Tuesday, April 9, 2013

Leviticus 11:1-13:59


Leviticus 11 contains instructions for distinguishing between clean and unclean foods. In this context the terms clean and unclean refer neither to hygiene nor morality, though they may overlap those categories. What they refer to is holiness, that is, a sense that the Isaraelites are set apart as God's special people.

For I am the Lord who brought you up from the land of Egypt, to be your God; you shall be holy, for I am holy. (Leviticus 11:45).

That which is clean is acceptable to be brought into the presence of God. We are reminded in this chapter that uncleanness is a kind of contagion. It is spread by contact.

Clean animals, suitable for eating, are those that chew cud and have divided hooves. Clean fish have scales and fins (No shellfish). Clean insects are the ones that fly and/or hop. I've read that cleanness has to do with things being "properly ordered" or "in their appropriate place." What is soil in the garden is dirt in the kitchen.

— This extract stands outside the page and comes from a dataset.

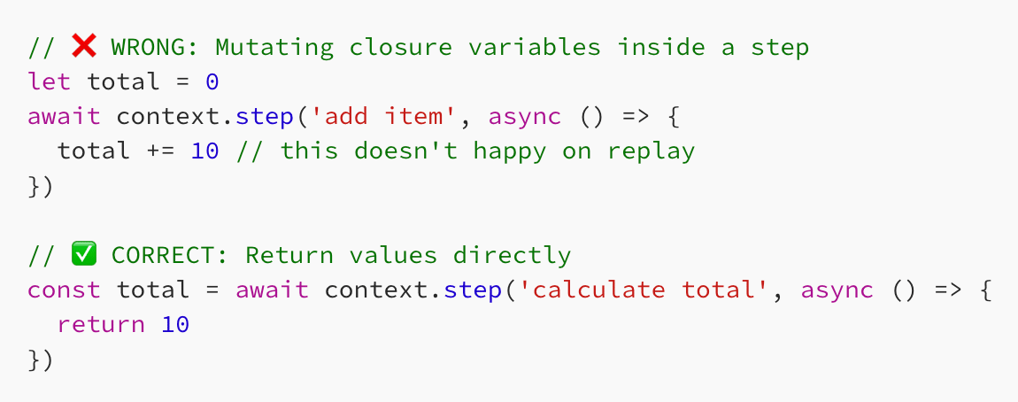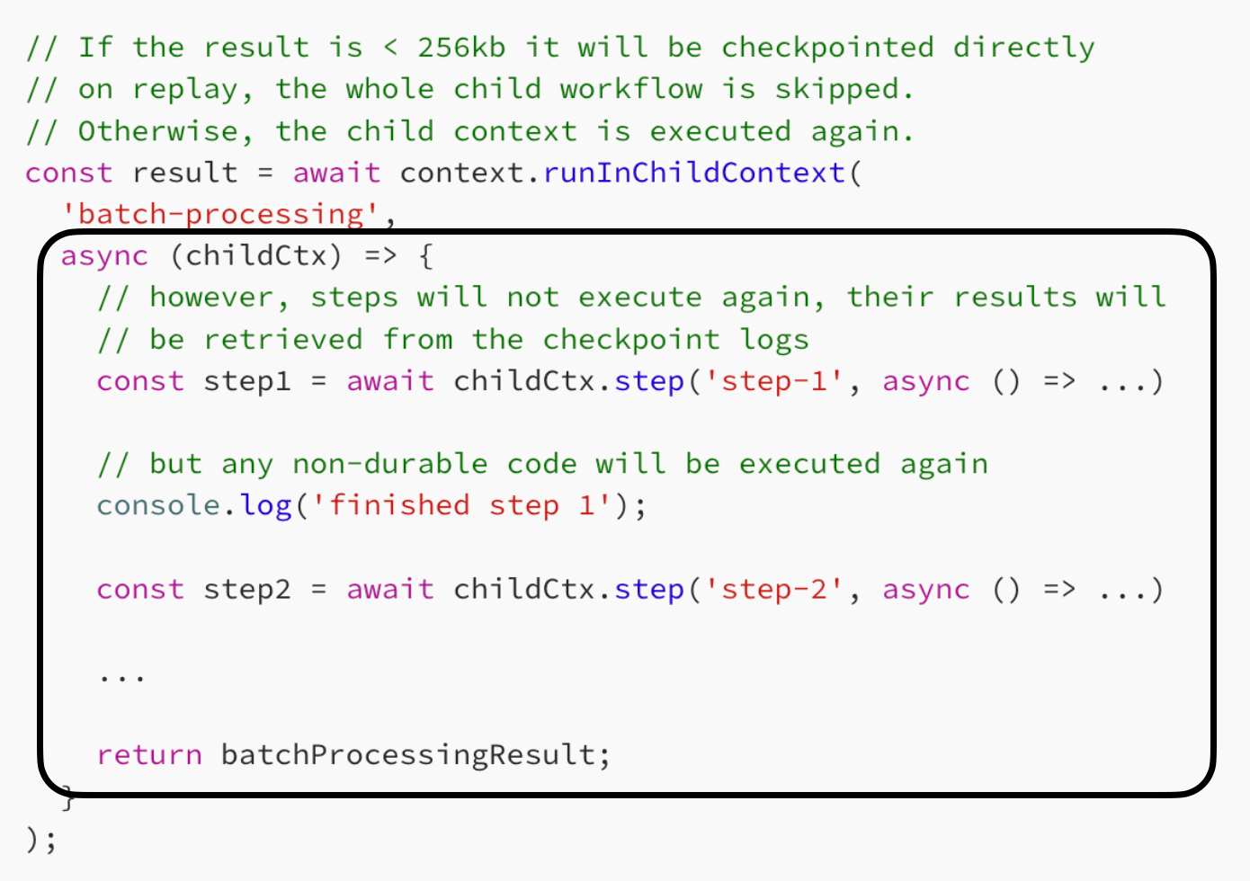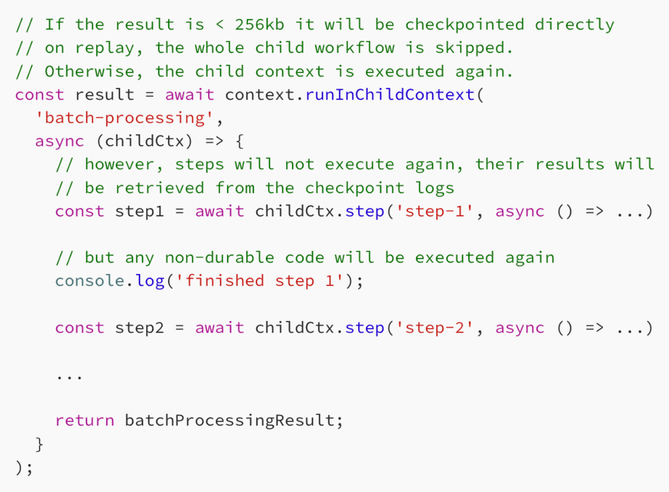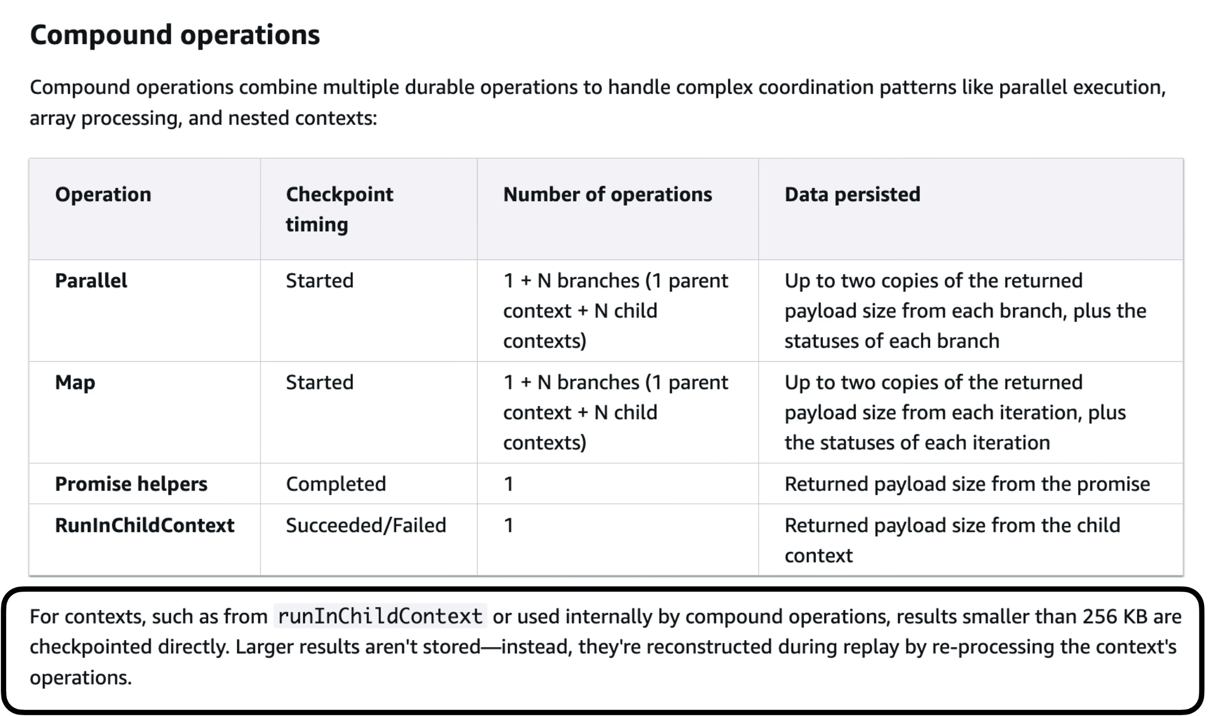 Lambda Durable Functions is a powerful new feature, but its checkpoint + replay model has a few gotchas. Here are five to watch out for. Non-deterministic codeThe biggest gotcha is when the code is not deterministic. That is, it might do something different during replay. Remember, when a durable execution is replayed, the handler code is executed from the start. So the code must behave exactly the same given the same input. If you use random numbers, or timestamps to make branching decisions. Then during a replay, the code might do something different! This is why, you should capture the branching decision in a step instead. So, during a replay, the previous decision is retrieved from the checkpoint logs. Side-effecting code outside stepYou should avoid causing side effects (e.g. updating databases, calling external APIs, sending emails) outside steps. This is to avoid causing the same side effects again during a replay. Mutate closure variablesAvoid mutating variables that are captured in the closure, inside a step. Because these mutations will be skipped during a replay, leading to non-deterministic behaviour. Dynamic step namesAvoid dynamic names for durable operations. During replay, you get a different step name to the original invocation, so the system won't be able to fetch the stored result from the checkpoint. Child context results > 256kb are reconstructed during replayYou are working with child contexts whenever you use the "runInChildContext", "parallel" or "map" operations. If a child context’s result is greater than 256kb, then it’s not stored directly. During a replay, its result is instead reconstructed by executing the context's operations again. This is mentioned in small print in the official documentation. Take the following code as example: If its result is less than 256kb, then it's stored in the database. On replay, the result is fetched and the whole child context is skipped. However, if the result is bigger than 256kb, then it's not saved. On replay, the child context, and therefore this block of code, will be executed again. The previous durable operations ("step-1" and "step-2") will be skipped. But any non-durable code will be executed again. This interplays with the previous gotchas. For example, during a replay, side-effecting actions outside of a step might be executed again if the encompassing child context is re-evaluated. Ok, that's five gotchas of working with Lambda Durable Functions. Personally, I'm very excited about Durable Functions and it's something that we're covering in the latest Production-Ready Serverless workshop. In week 3 of the workshop, you will implement the same order processing workflow using an event-driven approach, vs. Step Functions, vs. using Durable Functions. So we can discuss the pros & cons of each approach. It's still not too late to join us. Registration closes this Sunday, 18th January. |

Chapter 11 treats us to some of the misconceptions of ancient zoology. Rock badgers chew cud. Bats are birds. Insects walk on "all fours."

In chapter 12 we learn that childbirth renders a woman temporarily unclean. The length of that impurity is doubled if she has a girl. Return to a state of cleanness requires a sacrifice.

Chapter 13 tells, in exacting detail, how the priests of ancient Israel were to diagnose leprosy, a term that refers to several diseases of the skin and also, apparently, to molds that might infect houses and fabrics. All of these things are unclean. People with leprosy are isolated from their neighbors, not to prevent the spread of disease so much as the spread of uncleanness.

I remember, many years ago, attending a friend's Bar Mitzvah. the Torah portion that day was from Leviticus 13. The rabbi spoke about leprosy infecting houses. I don't remember what he said but I was impressed that he found something in this passage about which to speak meaningfully.